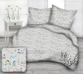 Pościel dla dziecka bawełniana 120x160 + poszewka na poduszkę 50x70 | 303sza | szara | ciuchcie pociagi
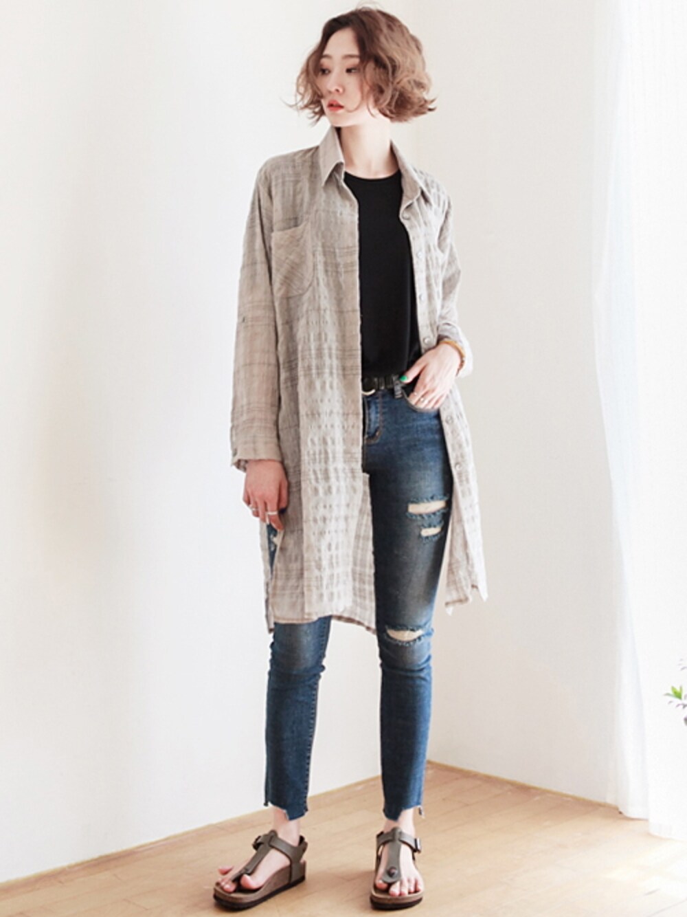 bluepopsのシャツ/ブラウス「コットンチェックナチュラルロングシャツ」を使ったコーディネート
* * *
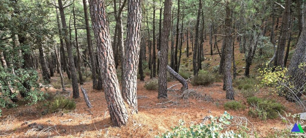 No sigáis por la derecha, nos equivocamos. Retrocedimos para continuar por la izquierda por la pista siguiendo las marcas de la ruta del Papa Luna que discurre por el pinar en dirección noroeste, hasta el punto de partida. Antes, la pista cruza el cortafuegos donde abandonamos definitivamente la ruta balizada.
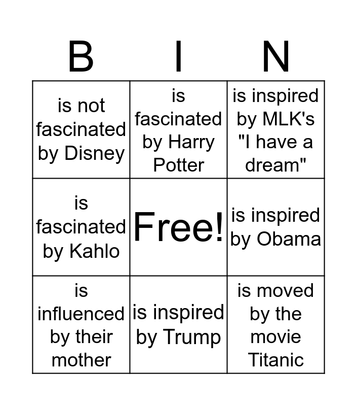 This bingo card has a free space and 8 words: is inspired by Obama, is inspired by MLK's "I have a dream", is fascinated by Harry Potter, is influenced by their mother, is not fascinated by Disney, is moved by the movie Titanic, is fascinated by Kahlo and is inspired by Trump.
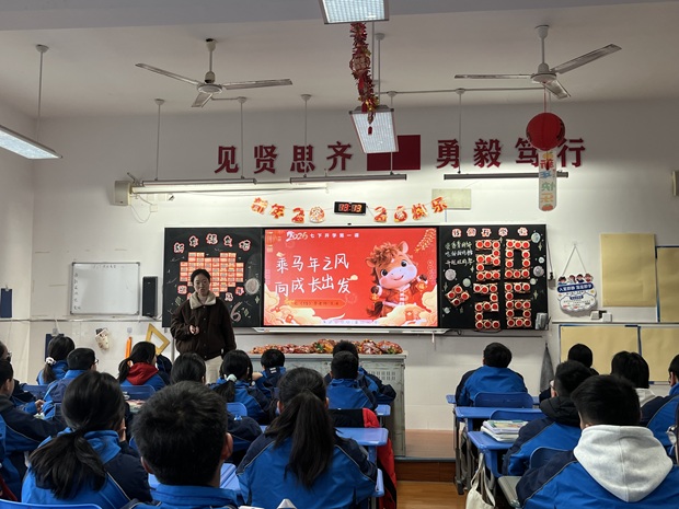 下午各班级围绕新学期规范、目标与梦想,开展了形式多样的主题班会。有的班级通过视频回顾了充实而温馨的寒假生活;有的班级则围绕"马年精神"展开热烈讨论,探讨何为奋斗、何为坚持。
==
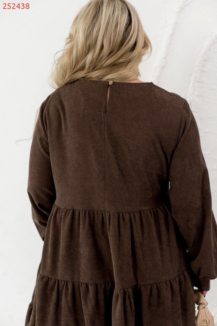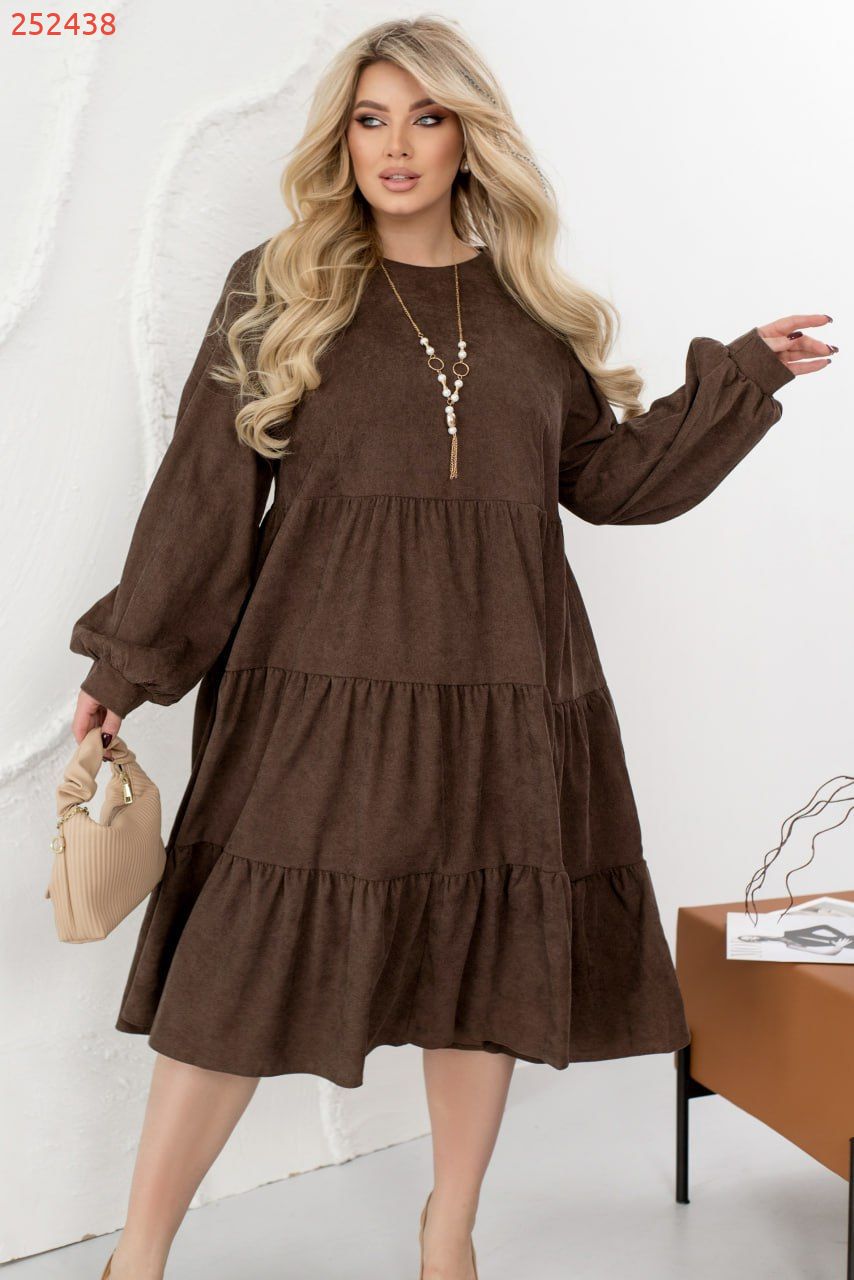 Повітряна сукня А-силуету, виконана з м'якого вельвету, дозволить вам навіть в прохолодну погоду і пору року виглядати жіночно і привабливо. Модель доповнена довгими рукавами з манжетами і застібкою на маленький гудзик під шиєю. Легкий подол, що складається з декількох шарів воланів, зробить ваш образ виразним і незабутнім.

= What you have to do =
Using the data above, set down each line from the line with "Pościel dla dziecka" to the line with "bluepopsのシャツ/ブ" exactly, both ends included, and leave the pictures behind. Nothing else belongs.

= Response to the task =
 Pościel dla dziecka bawełniana 120x160 + poszewka na poduszkę 50x70 | 303sza | szara | ciuchcie pociagi
 bluepopsのシャツ/ブラウス「コットンチェックナチュラルロングシャツ」を使ったコーディネート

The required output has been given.